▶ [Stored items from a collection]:
[Start of Attachment]
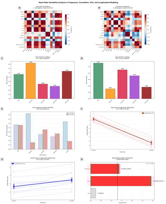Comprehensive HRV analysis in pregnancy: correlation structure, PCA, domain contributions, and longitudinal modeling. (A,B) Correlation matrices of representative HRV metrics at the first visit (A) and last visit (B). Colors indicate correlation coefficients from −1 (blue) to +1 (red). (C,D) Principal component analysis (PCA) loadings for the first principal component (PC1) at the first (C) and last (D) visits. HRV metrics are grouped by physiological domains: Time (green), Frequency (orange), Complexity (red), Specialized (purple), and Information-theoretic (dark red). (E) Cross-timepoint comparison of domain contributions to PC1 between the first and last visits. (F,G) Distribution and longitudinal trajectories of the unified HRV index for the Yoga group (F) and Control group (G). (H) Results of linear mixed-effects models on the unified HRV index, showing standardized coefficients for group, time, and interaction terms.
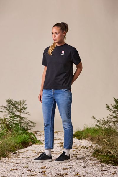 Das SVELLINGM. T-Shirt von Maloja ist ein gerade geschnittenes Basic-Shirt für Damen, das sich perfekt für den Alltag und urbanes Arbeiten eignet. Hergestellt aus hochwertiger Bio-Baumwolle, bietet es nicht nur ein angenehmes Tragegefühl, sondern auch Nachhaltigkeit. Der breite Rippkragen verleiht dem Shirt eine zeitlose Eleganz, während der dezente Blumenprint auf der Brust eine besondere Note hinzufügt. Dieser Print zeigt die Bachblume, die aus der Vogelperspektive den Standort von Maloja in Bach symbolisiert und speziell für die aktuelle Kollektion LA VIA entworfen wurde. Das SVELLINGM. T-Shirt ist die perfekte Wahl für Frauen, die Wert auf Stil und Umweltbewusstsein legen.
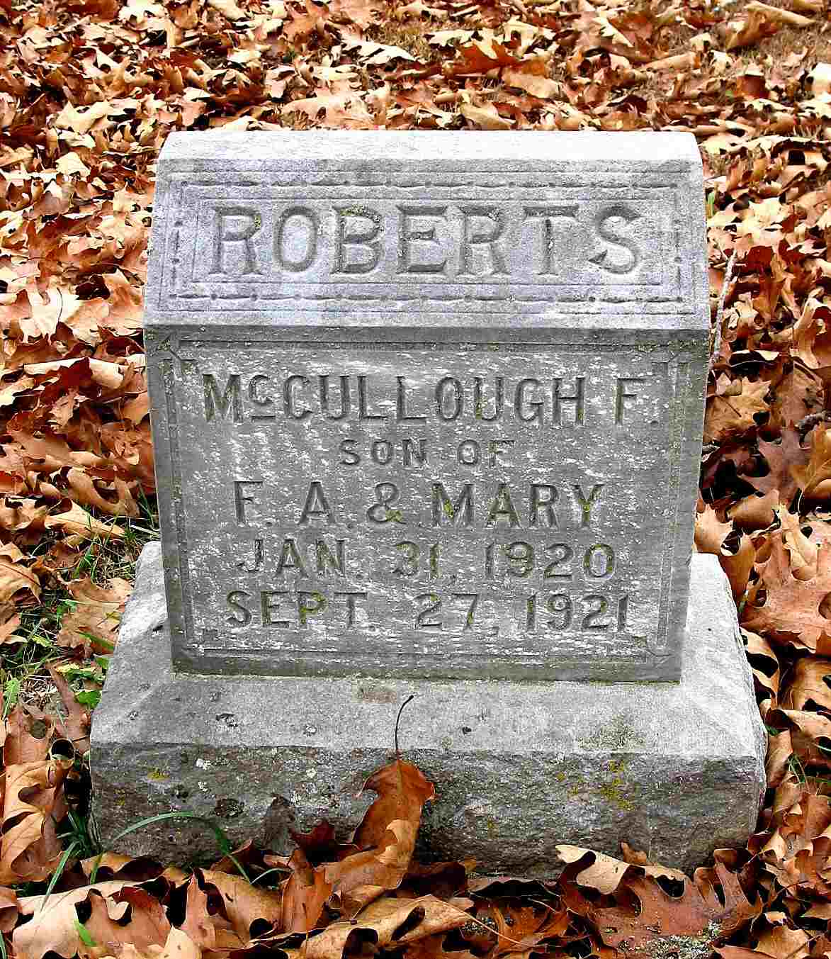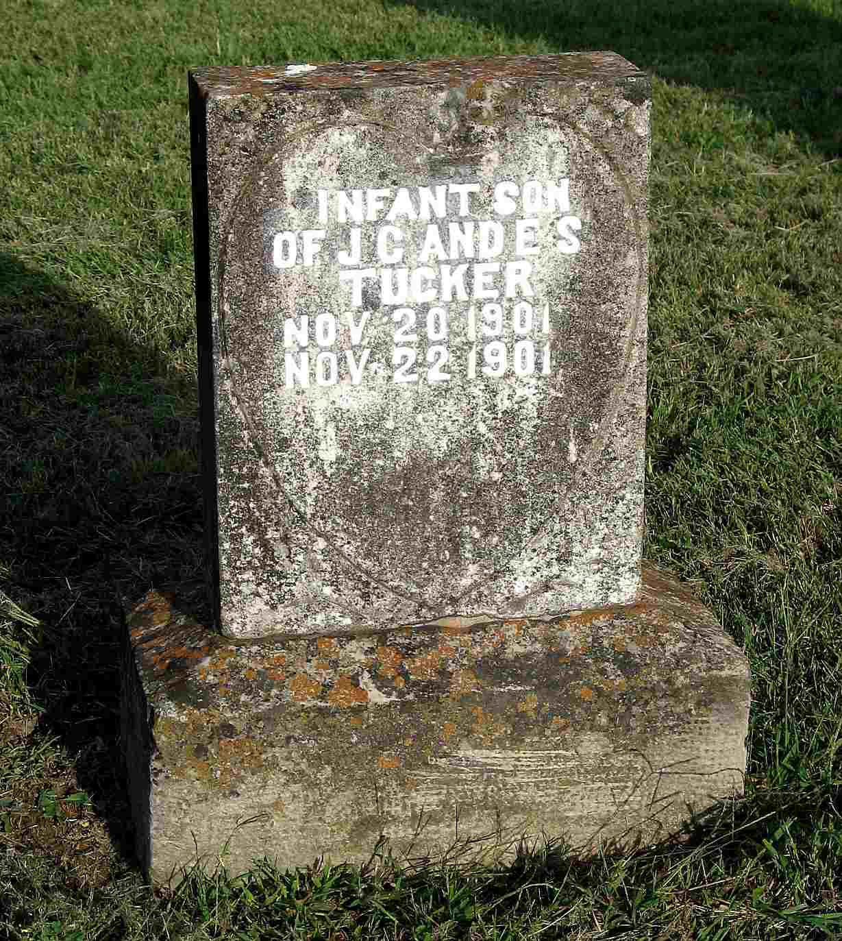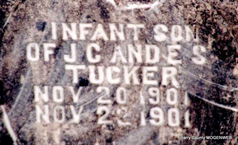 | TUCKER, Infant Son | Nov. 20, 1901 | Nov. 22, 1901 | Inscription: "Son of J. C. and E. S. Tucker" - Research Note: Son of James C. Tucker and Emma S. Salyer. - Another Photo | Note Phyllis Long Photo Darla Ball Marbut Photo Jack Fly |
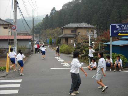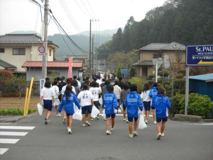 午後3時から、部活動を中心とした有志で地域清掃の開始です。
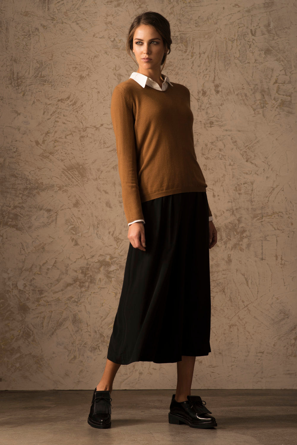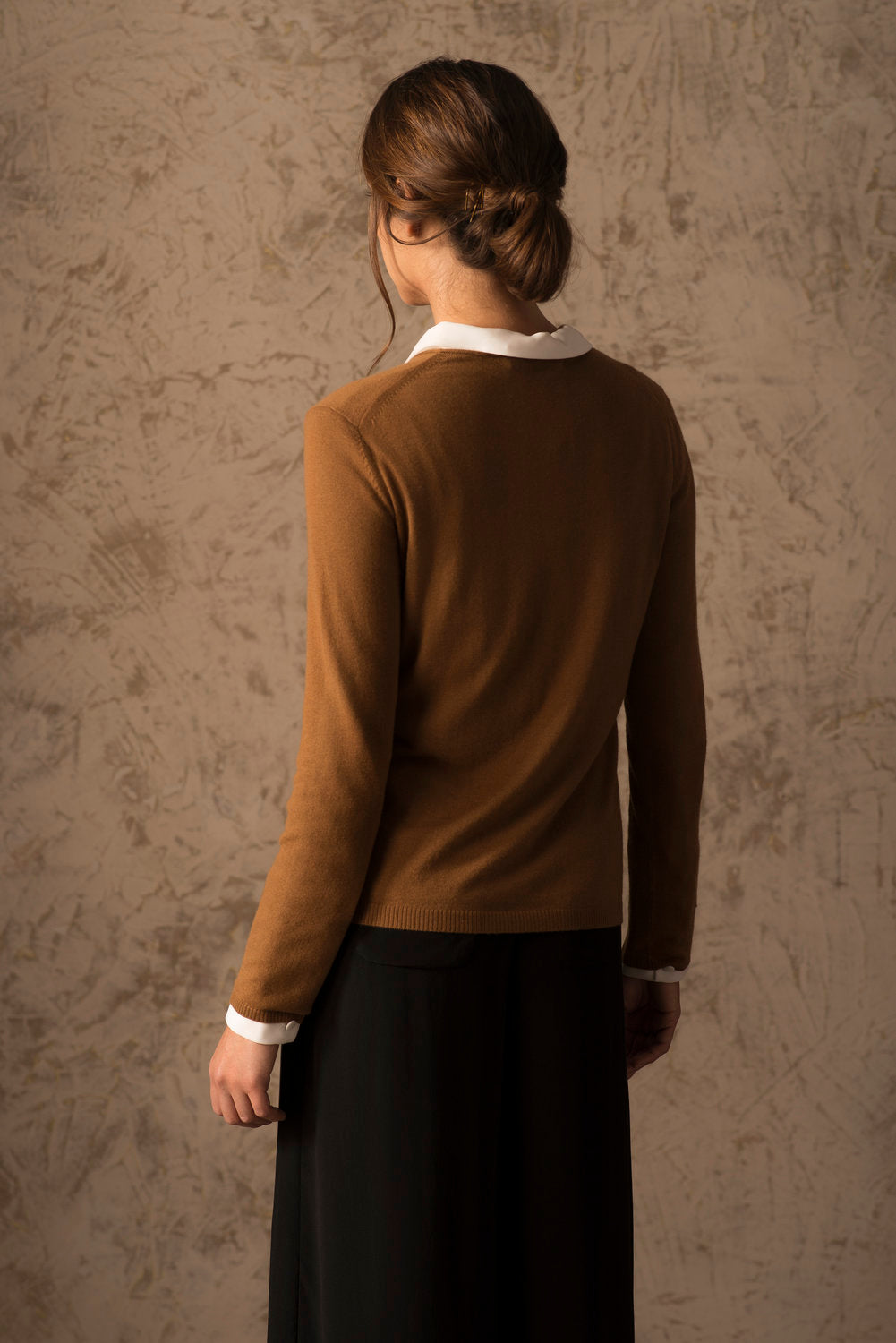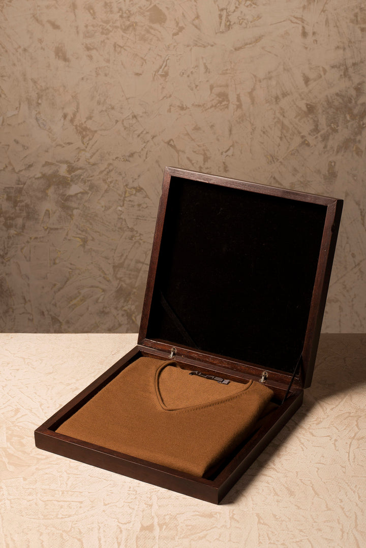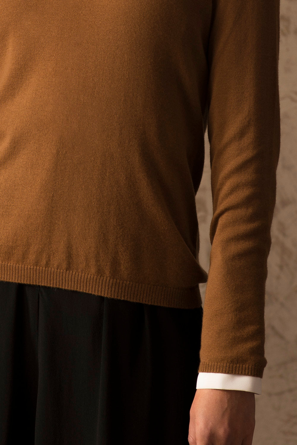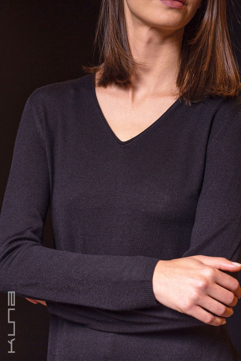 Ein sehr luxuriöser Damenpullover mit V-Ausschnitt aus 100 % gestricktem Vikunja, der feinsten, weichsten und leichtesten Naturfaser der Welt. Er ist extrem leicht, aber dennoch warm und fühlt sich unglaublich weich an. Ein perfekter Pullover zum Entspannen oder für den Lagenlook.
[End of Attachment]
▶ [REQUIRED ACTION]:
Your copy should hold every record word for word and none of the pictures.

▶ [OUTPUT FOR THIS TASK]:
Comprehensive HRV analysis in pregnancy: correlation structure, PCA, domain contributions, and longitudinal modeling. (A,B) Correlation matrices of representative HRV metrics at the first visit (A) and last visit (B). Colors indicate correlation coefficients from −1 (blue) to +1 (red). (C,D) Principal component analysis (PCA) loadings for the first principal component (PC1) at the first (C) and last (D) visits. HRV metrics are grouped by physiological domains: Time (green), Frequency (orange), Complexity (red), Specialized (purple), and Information-theoretic (dark red). (E) Cross-timepoint comparison of domain contributions to PC1 between the first and last visits. (F,G) Distribution and longitudinal trajectories of the unified HRV index for the Yoga group (F) and Control group (G). (H) Results of linear mixed-effects models on the unified HRV index, showing standardized coefficients for group, time, and interaction terms.
 Das SVELLINGM. T-Shirt von Maloja ist ein gerade geschnittenes Basic-Shirt für Damen, das sich perfekt für den Alltag und urbanes Arbeiten eignet. Hergestellt aus hochwertiger Bio-Baumwolle, bietet es nicht nur ein angenehmes Tragegefühl, sondern auch Nachhaltigkeit. Der breite Rippkragen verleiht dem Shirt eine zeitlose Eleganz, während der dezente Blumenprint auf der Brust eine besondere Note hinzufügt. Dieser Print zeigt die Bachblume, die aus der Vogelperspektive den Standort von Maloja in Bach symbolisiert und speziell für die aktuelle Kollektion LA VIA entworfen wurde. Das SVELLINGM. T-Shirt ist die perfekte Wahl für Frauen, die Wert auf Stil und Umweltbewusstsein legen.
 | TUCKER, Infant Son | Nov. 20, 1901 | Nov. 22, 1901 | Inscription: "Son of J. C. and E. S. Tucker" - Research Note: Son of James C. Tucker and Emma S. Salyer. - Another Photo | Note Phyllis Long Photo Darla Ball Marbut Photo Jack Fly |
 午後3時から、部活動を中心とした有志で地域清掃の開始です。
 Ein sehr luxuriöser Damenpullover mit V-Ausschnitt aus 100 % gestricktem Vikunja, der feinsten, weichsten und leichtesten Naturfaser der Welt. Er ist extrem leicht, aber dennoch warm und fühlt sich unglaublich weich an. Ein perfekter Pullover zum Entspannen oder für den Lagenlook.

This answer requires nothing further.